§ **YOUR OBJECTIVE**:
Beginning with the line that holds "Meuble téléphone vintage" and finishing with the line that holds "12 tlg. Bremsseil-Set", repeat the listing exactly, leaving every picture out.

§ **PROVIDED RECORDS**:
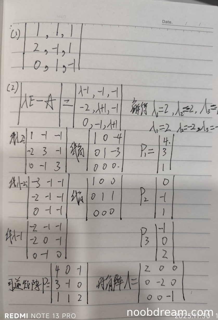- 但构造矩阵P时,特征向量的排列顺序与对角矩阵Λ的特征值顺序不匹配,这是逻辑错误,扣2分
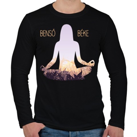 1 kép PRINTFASHION Benső béke - Meditáló nő - Férfi hosszú ujjú póló - Fekete
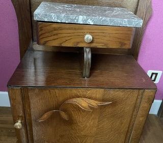 Meuble téléphone vintage avec assise Dimensions longueur 95 cm, largeur 45 cm, hauteur totale 70 cm, hauteur de l'assise 41 cm Bon état, sauf le plateau de la table qui nécessi
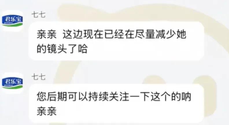 君乐宝客服表示:“这个相关部门还未给我们答复,这边已经在尽量减少她(麦琳)的镜头了。”
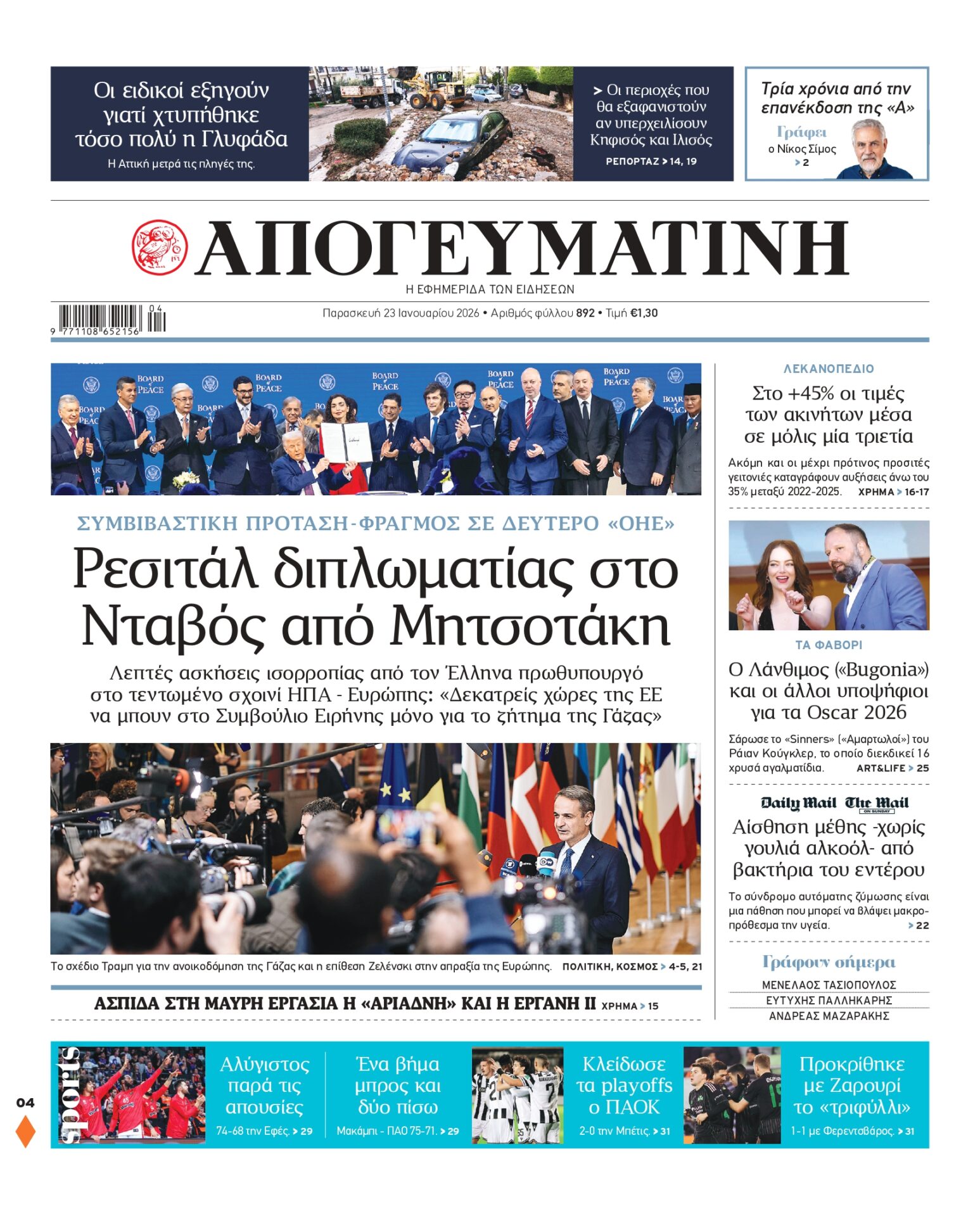 Διαβάστε στην Απογευματινή: Ρεσιτάλ διπλωματίας στο Νταβός από Μητσοτάκη – Λεπτές ασκήσεις ισορροπίας από τον Έλληνα πρωθυπουργό
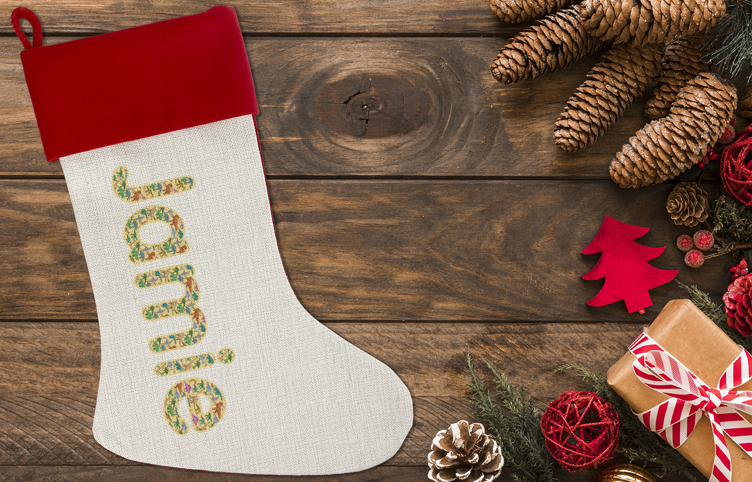 Our classic red stockings are made from a soft, yet durable polyester material perfect for any stocking stuffer! The front of our Christmas stockings have a linen front that boldly displays your custom design accented with a lush red cuff resting all around the stocking. Each stocking is approximately 18x12 with a durable cotton rope loop for hanging.
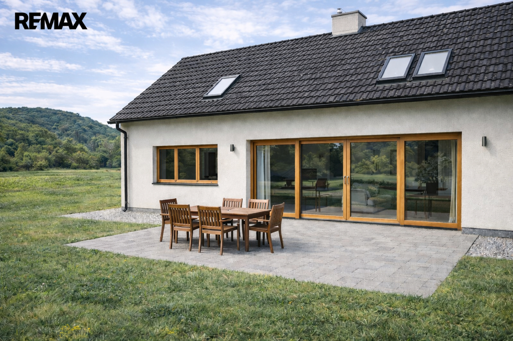 Pro lepší představivost je inzerát doplněn vizualizací moderního venkovského domu s jedním nadzemním podlažím, obytným podkrovím a garáží pro dva vozy. Navrhovaná dispozice 4+1 o celkové výměře 180 m² odpovídá regulativům územního plánu.
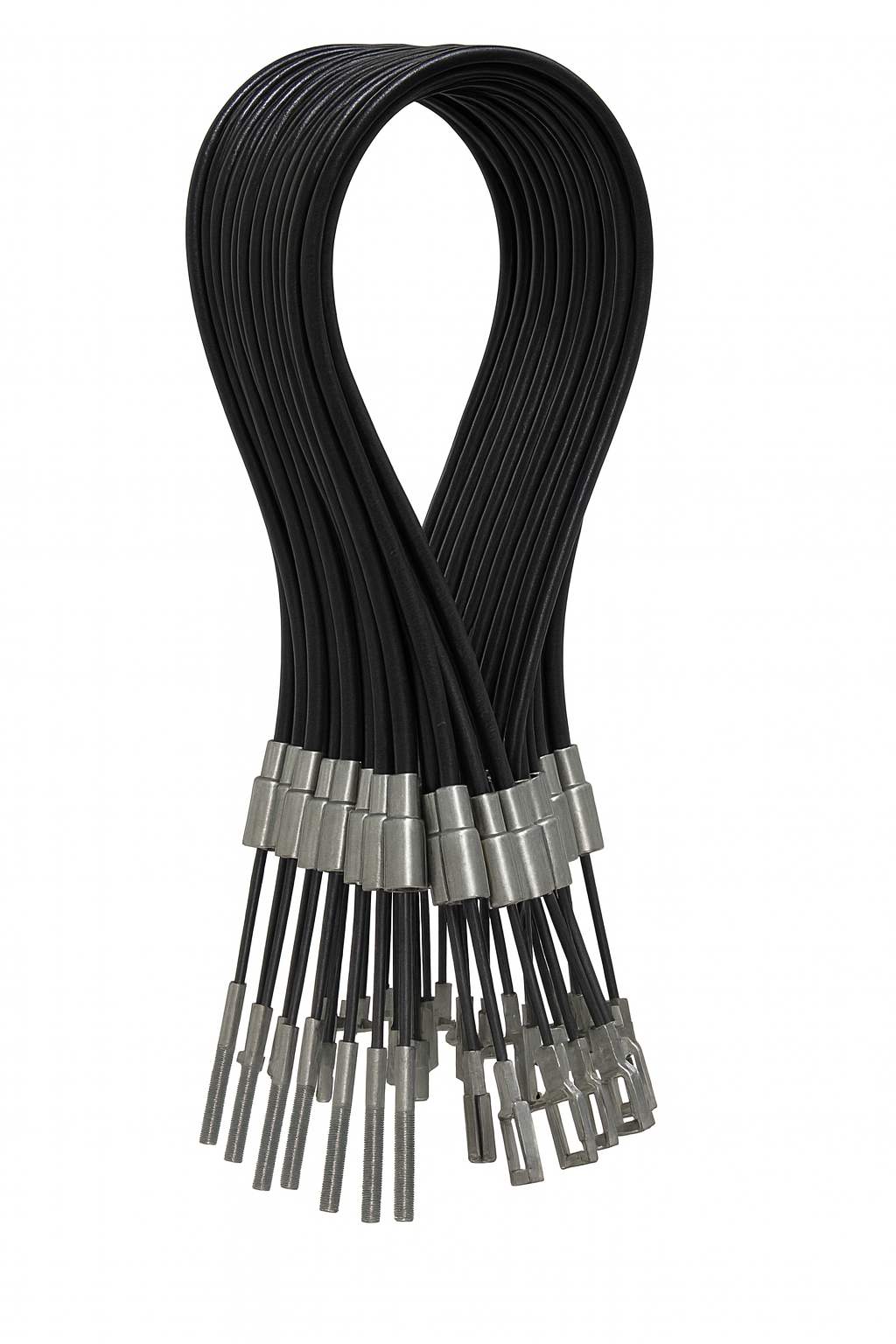 12 tlg. Bremsseil-Set HL 1400 / SL 1700 mm Typ Langlochöse 15 x 7 und Gewinde M8, sortenrein (Art. 90063)
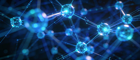 Vibrant Molecular Web: An Abstract Spheres Network on Dark Canvas

§ **EXERCISE SOLUTION**:
 Meuble téléphone vintage avec assise Dimensions longueur 95 cm, largeur 45 cm, hauteur totale 70 cm, hauteur de l'assise 41 cm Bon état, sauf le plateau de la table qui nécessi
 君乐宝客服表示:“这个相关部门还未给我们答复,这边已经在尽量减少她(麦琳)的镜头了。”
 Διαβάστε στην Απογευματινή: Ρεσιτάλ διπλωματίας στο Νταβός από Μητσοτάκη – Λεπτές ασκήσεις ισορροπίας από τον Έλληνα πρωθυπουργό
 Our classic red stockings are made from a soft, yet durable polyester material perfect for any stocking stuffer! The front of our Christmas stockings have a linen front that boldly displays your custom design accented with a lush red cuff resting all around the stocking. Each stocking is approximately 18x12 with a durable cotton rope loop for hanging.
 Pro lepší představivost je inzerát doplněn vizualizací moderního venkovského domu s jedním nadzemním podlažím, obytným podkrovím a garáží pro dva vozy. Navrhovaná dispozice 4+1 o celkové výměře 180 m² odpovídá regulativům územního plánu.
 12 tlg. Bremsseil-Set HL 1400 / SL 1700 mm Typ Langlochöse 15 x 7 und Gewinde M8, sortenrein (Art. 90063)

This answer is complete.